## TASK INSTRUCTIONS
Please give back, exactly as written, the lines from the line with "It was a valuable" to the line with "測定範囲:温度/-5.0~5" in the listing below, leaving out all pictures.

## DATA LISTING
= Beginning of Section =

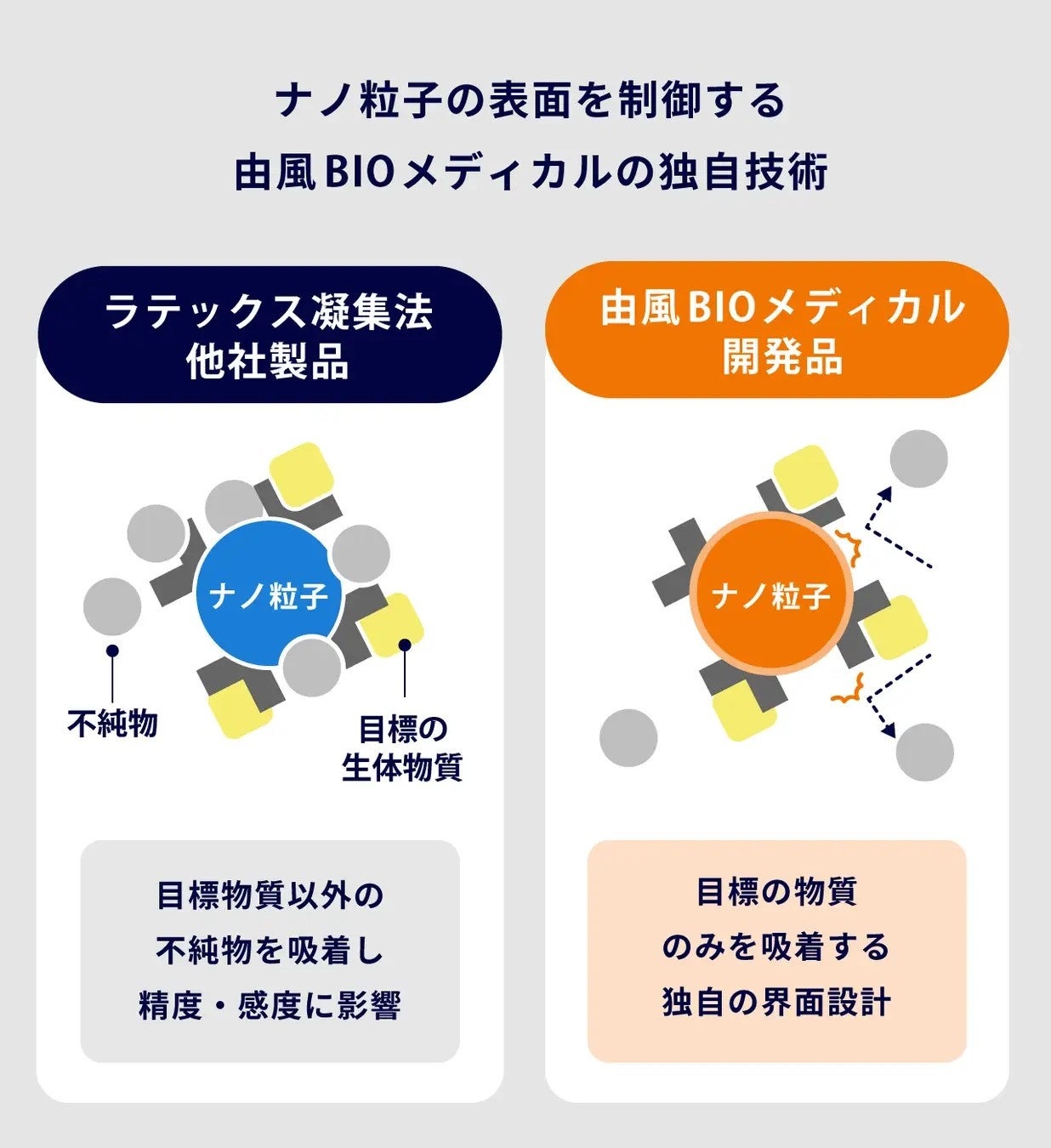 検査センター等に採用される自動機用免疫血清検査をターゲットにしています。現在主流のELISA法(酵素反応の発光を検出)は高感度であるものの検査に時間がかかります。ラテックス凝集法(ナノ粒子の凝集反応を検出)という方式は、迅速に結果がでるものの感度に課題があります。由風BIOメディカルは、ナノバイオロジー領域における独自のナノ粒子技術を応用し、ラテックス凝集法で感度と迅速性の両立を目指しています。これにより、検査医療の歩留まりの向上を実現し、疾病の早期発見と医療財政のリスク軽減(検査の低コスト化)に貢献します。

= End of Section =
= Beginning of Section =

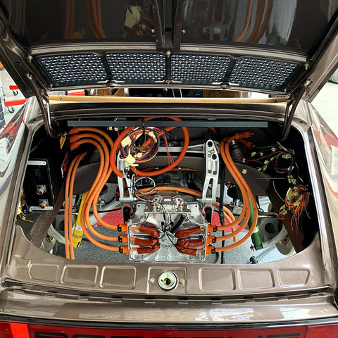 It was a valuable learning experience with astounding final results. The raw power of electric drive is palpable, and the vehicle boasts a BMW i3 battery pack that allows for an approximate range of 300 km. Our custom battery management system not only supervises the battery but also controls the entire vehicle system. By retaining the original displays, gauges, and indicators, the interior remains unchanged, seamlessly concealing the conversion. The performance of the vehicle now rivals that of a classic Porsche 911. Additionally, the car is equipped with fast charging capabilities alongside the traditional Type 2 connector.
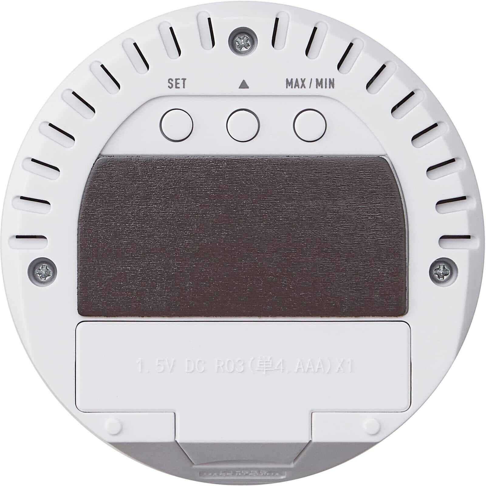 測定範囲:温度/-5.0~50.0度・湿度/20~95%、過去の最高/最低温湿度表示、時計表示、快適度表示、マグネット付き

= End of Section =

## RESPONSE AREA
 It was a valuable learning experience with astounding final results. The raw power of electric drive is palpable, and the vehicle boasts a BMW i3 battery pack that allows for an approximate range of 300 km. Our custom battery management system not only supervises the battery but also controls the entire vehicle system. By retaining the original displays, gauges, and indicators, the interior remains unchanged, seamlessly concealing the conversion. The performance of the vehicle now rivals that of a classic Porsche 911. Additionally, the car is equipped with fast charging capabilities alongside the traditional Type 2 connector.
 測定範囲:温度/-5.0~50.0度・湿度/20~95%、過去の最高/最低温湿度表示、時計表示、快適度表示、マグネット付き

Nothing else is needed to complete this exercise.